In principle, the IS method, whether it is the external mode or the embedded mode, needs one-to-one distribution of the IS substance and the analyte on the SERS substrate to ensure that the normalized signal of the analyte maintains a stable value. Otherwise, even if there is no fluctuation of the measuring parameters, the inconsistent distribution between the IS substance and the analyte can still lead to poor reproducibility of the normalized signals, which would make the IS method lose its calibration function.
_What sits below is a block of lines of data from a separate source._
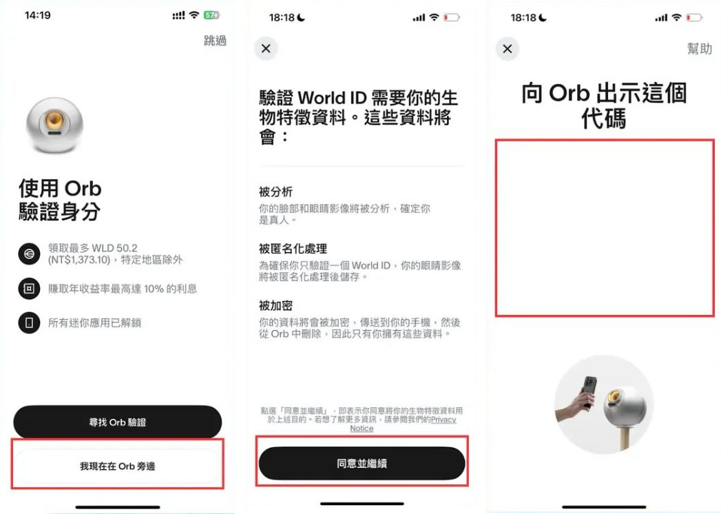 如果你要取得免費的WLD 幣,需要前往有Orb 設(shè)備的地方進行虹膜認(rèn)證,
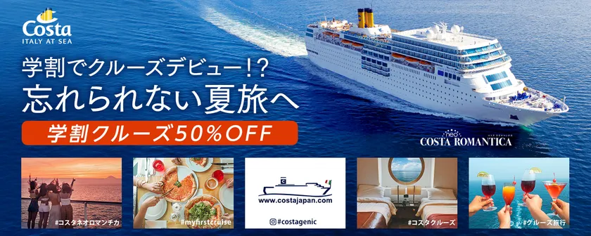 ヨーロッパ最大のクルーズ会社、コスタクルーズ(日本支社:東京都千代田区、日本・韓国支社長:浜岡 聡一)は、学生の夏休みシーズンに向けて「コスタ ネオロマンチカ」の『学割クルーズ』を新規に販売いたします。【(例) 8/24 福岡発着 5泊6日 ¥34,900~ 古都と城下町をめぐる麗しの日本海と釜山 Aコース 】
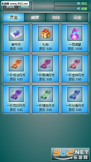3、功法系统,功法可以通过灵石到商店购买,功法加三维,还可以升级
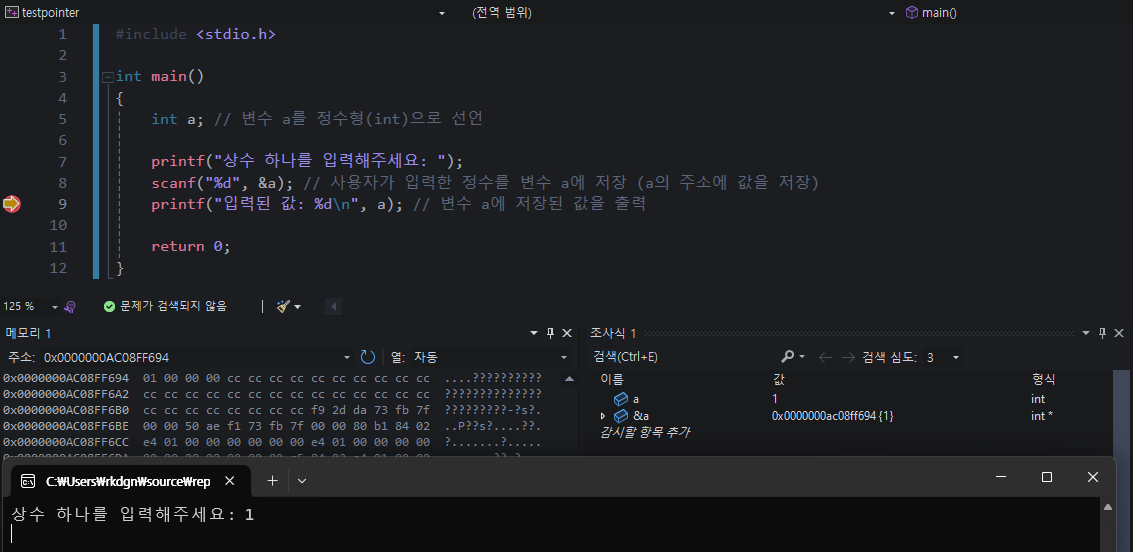 printf("입력된 값: %d\n", *p); // 포인터가 가르키고 있는 값 출력하기
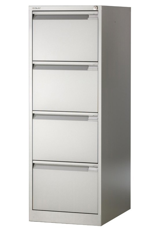 Metalowa szafka kartotekowa z czterema szufladami na dokumenty lub segregatory wiszące w formacie A4 lub Foolscap, szerokość 413 lub 470, wysokość 1321, głębokość 622 mm, zamek centralny, różne kolory. W magazynie w kolorze jasnoszarym, beżowym i białym.
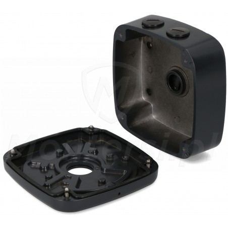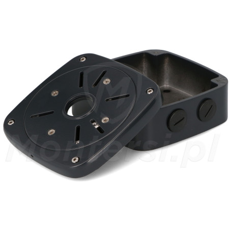 BCS-ATU-G - Uniwersalna puszka montażowa do kamer BCS montowanych na trzy lub cztery śruby. Wykonana z metalu. W kolorze antracytowym. Dzięki tej puszce kamera będzie zamontowana profesjonalnie na swoim miejscu, a we wnętrzu zmieszczą się wszystkie niezbędne przewody.
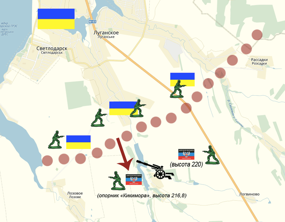 В то же время, с учетом того, что данный район находится на стыке между т.н. ЛНР и ДНР, оборона противника на данном участке была явно ослаблена из-за проблемы во взаимодействии между силовыми структурами обоих террористических организаций. Не удивительно, что командование наших войск стремилось этим воспользоваться для улучшения позиций как в тактическом плане, так и в стратегическом.

What is more, the one-to-one distribution of the IS substance and the analyte on the substrate is usually very difficult to be achieved. In addition, the organic IS molecules in the external mode may compete with the target molecules to occupy the sites on the hot spots and generate interference to Raman bands, resulting in reduced detection sensitivity and difficulty in signal recognition. For the embedded mode, it is highly dependent on the complicated core-molecule-shell nanostructures and the homogeneous modification of IS molecules in the plasmonic gaps, which increase the difficulty in the substrate fabrication. All in all, the accurate quantitative SERS detection, especially during the field tests which often involve different operators, different Raman spectrometers, and different test sites and moments and hence produce highly scattered measurements, is still expected and remains to be a bottleneck for SERS practical applications.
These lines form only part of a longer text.